Through school, engineering, and business school, I racked up hundreds of hours on stage. Fests, competitions, college events where I free-styled entire programs without cue cards. By the time I reached my MBA, I'd presented a deck I hadn't even seen until it appeared on screen during the presentation. (But our team got a perfect score on that one.)
I thought this meant I was naturally good at public speaking. That I could "think on my feet" and "handle pressure”.
Then I started speaking to rooms full of strangers, and I realized I did not have the invisible advantage anymore - knowing my audience.
All through school and college, I knew the audience. I’d studied with them, eaten lunch with them, argued with them (mostly about nothing). When I changed the tone, dropped a reference, said something “funny”, I knew it would land. Because I understood the people.
At work, that advantage started to fade. Different departments, people whose paths I hadn’t crossed with.
Then came external events. Conference keynotes. Industry panels. Rooms where I recognised no one.
The first few times, I prepared the way I always had: note down talking points for the speech, rehearse it, maybe have a backup story if things felt flat. It was fine. But only fine. I'd lost something. The adjustment I was used to making on stage, only worked if I actually understood the room. And I didn't.
So I changed how I prepared.
Before any external event now, I show up early. To talk to people. Small conversations. What do you do? What brings you here? What's been the most interesting session so far?
Sampling. I'm trying to understand who these people are, what language they use, what they care about.
Then I use what I learn. If I'm speaking to a room of marketers and three of them are dealing with the same budget cut problem, that becomes an anecdote.

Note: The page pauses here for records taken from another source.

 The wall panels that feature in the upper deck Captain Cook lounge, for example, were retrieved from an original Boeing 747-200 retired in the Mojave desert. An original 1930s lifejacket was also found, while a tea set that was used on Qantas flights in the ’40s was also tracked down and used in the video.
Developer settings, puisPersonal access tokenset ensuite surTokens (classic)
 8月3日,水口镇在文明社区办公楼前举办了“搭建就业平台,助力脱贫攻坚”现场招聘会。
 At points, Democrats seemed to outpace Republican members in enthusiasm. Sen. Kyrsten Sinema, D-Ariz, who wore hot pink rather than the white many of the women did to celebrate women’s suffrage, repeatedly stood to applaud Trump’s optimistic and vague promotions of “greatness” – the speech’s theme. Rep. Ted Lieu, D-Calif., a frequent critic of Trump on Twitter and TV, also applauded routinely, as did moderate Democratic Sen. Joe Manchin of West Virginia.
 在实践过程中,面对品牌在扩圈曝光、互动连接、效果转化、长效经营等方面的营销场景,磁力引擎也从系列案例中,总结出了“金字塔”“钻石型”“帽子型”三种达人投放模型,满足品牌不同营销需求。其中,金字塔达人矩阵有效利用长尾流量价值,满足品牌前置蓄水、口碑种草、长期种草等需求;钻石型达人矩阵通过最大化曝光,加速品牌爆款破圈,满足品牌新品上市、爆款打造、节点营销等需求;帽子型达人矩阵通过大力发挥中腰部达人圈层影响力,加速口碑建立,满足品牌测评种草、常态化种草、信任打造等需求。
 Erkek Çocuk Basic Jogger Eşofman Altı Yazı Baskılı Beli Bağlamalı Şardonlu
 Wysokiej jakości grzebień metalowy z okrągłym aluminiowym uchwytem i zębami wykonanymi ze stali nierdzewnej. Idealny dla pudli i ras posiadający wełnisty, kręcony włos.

I also stopped preparing one speech. I have versions. Sometimes two, sometimes four. Same core message, but with different entry points, different energy levels, different anecdotes. How the opening 20 seconds lands, tell me which version I should deliver.

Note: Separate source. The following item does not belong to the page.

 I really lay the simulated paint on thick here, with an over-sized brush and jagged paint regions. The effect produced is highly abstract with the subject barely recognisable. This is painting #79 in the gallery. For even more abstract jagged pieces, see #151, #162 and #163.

I still get it wrong sometimes. Once, I opened a keynote with a story, filled with humor and conversational tone. The room stayed frozen. I'd misread them. They wanted data first, proof I knew what I was talking about, permission to trust me before I got casual. I had to pivot 60 seconds in, skip to version three of my speech, and earn my way back. It worked, but barely.
The difference between now and seventh grade isn't that I don't mess up. I've gotten better at guessing right and recovering fast when I'm wrong.
The skills I built in school, like adjusting when the plan breaks, staying calm, reading body language are still very useful. But they're not enough. The real skill is this: how quickly can you understand a room full of strangers.
Over the last year, I've started working with leaders who need to do more of this: keynotes, panels, presentations, all-hands addresses. The ask is usually some version of "help me not suck at this." What's interesting is that almost no one asks me to help them write better speeches. They ask me to help them read rooms they don't know. To figure out what version to give when they can't tell in the first 20 seconds. To know what questions to ask before they go on stage so they're not speaking to an abstract audience.
I didn't expect this to become part of my work, but it makes sense. The reps take years. The frameworks for reading strangers? Those can be taught faster.